Description
🐛 Bug
botorch.models.utils.gpytorch_modules
implements a few utility functions that return kernels and likelihoods. Those functions should enforce constraints on kernel.lengthscale
and likelihood.noise
to make sure they are always positive.
However, the constraints do not work in some cases.
To reproduce
The following is a minimal working example showing that the parameter constraint does not work properly.
import torch
from botorch.models.utils.gpytorch_modules import get_gaussian_likelihood_with_gamma_prior
# By default the noise has a constraint GreaterThan(1.000E-04)
likelihood = get_gaussian_likelihood_with_gamma_prior()
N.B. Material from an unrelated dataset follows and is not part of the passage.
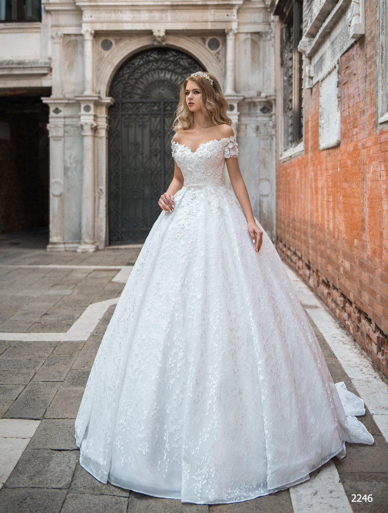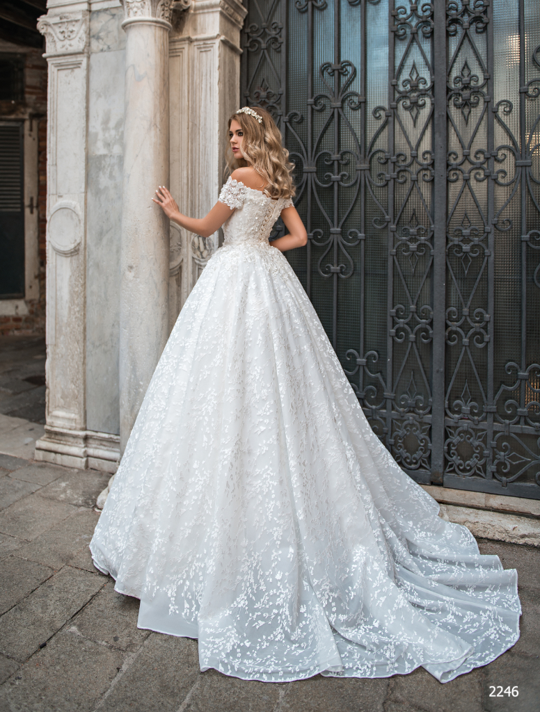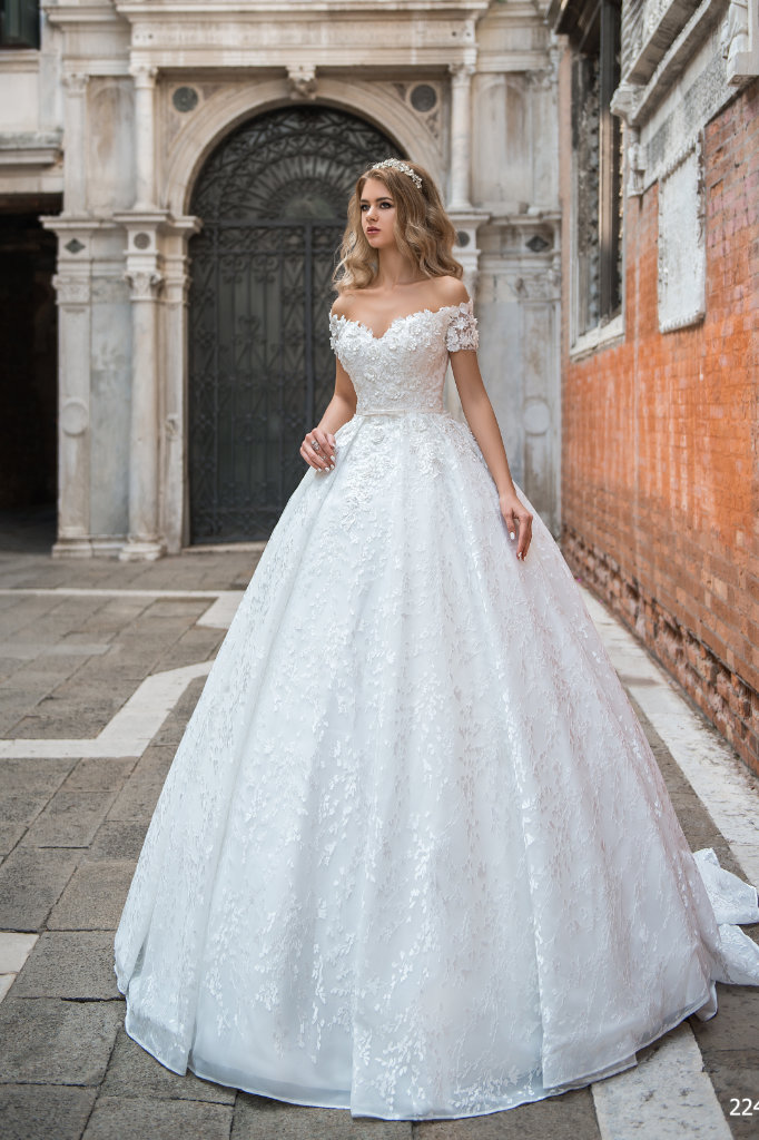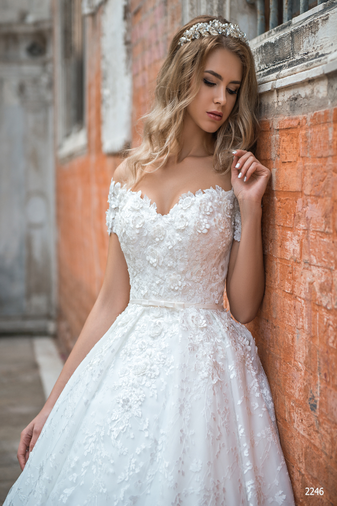 Bij deze trouwjurk is de off shoulder top bedekt met 3D bloemen applicaties die gedeeltelijk overlopen in de rok. De rug heeft een vetersluiting. De wijde tule rok is afgewerkt met glimmende bloemen applicaties.

# Let's say the gradient of the raw noise is 5 at some point during hyperparameter optimization
# In general, the gradient could be any values.
likelihood.raw_noise.grad = torch.tensor([5.])
# Do a single step gradient descent on the noise
with torch.no_grad():
for param in likelihood.parameters():
param -= param.grad
# tensor([-3.0000], requires_grad=True) violates the constraint!
print(likelihood.noise)
# Let's evaluate the log prior of the likelihood noise as in gpytorch.mlls._approximate_mll
# https://github.com/cornellius-gp/gpytorch/blob/8825cdd7abd1db7dea5803265067d598f21d6962/gpytorch/mlls/_approximate_mll.py#L70-L71
name, module, prior, closure, _ = next(likelihood.named_priors())
log_prior = prior.log_prob(closure(module))
print("name {:s}, log prior {:f}".format(name, log_prior.item()))
The following is the output. The log prior is NaN, because the noise is outside the support of Gamma distributions
Parameter containing:
tensor([-3.0000], requires_grad=True)
noise_covar.noise_prior, log prior nan
Expected Behavior
likelihood.noise
is supposed to be greater than1e-4
.log_prior
should not be NaN.
The above two should hold in all cases for any gradient values.
System information
- BoTorch Version v0.11.0
- GPyTorch Version v1.11
- PyTorch Version 2.4.0+cu121
- Fedora 40
Additional context
I am working on aepsych (heavily relies on botorch) where we use similar outputscale/lengthscale priors. I was fitting a GP model on a synthetic dataset and had NaN issues during hyperparameter optimization (I was using Adam). But those NaN issues might break LBFGS as well, e.g., line search failures.
Those NaN issues are due to the argument transform=None
.
botorch/botorch/models/utils/gpytorch_modules.py
Lines 63 to 71 in 8536468
GPyTorch implements the constraint by a softplus transformation. However, if we override the argument by transform=None
, then self.enforce=None
. As a result, no transformation is applied and the constraint is not enforced.
In most cases, the prior pushes the hyperparameter towards the mode of the prior distribution. Thus, this NaN issue does not happen very often. However, I believe this could lead to unintended behavior, e.g., line search failure and early termination of LBFGS.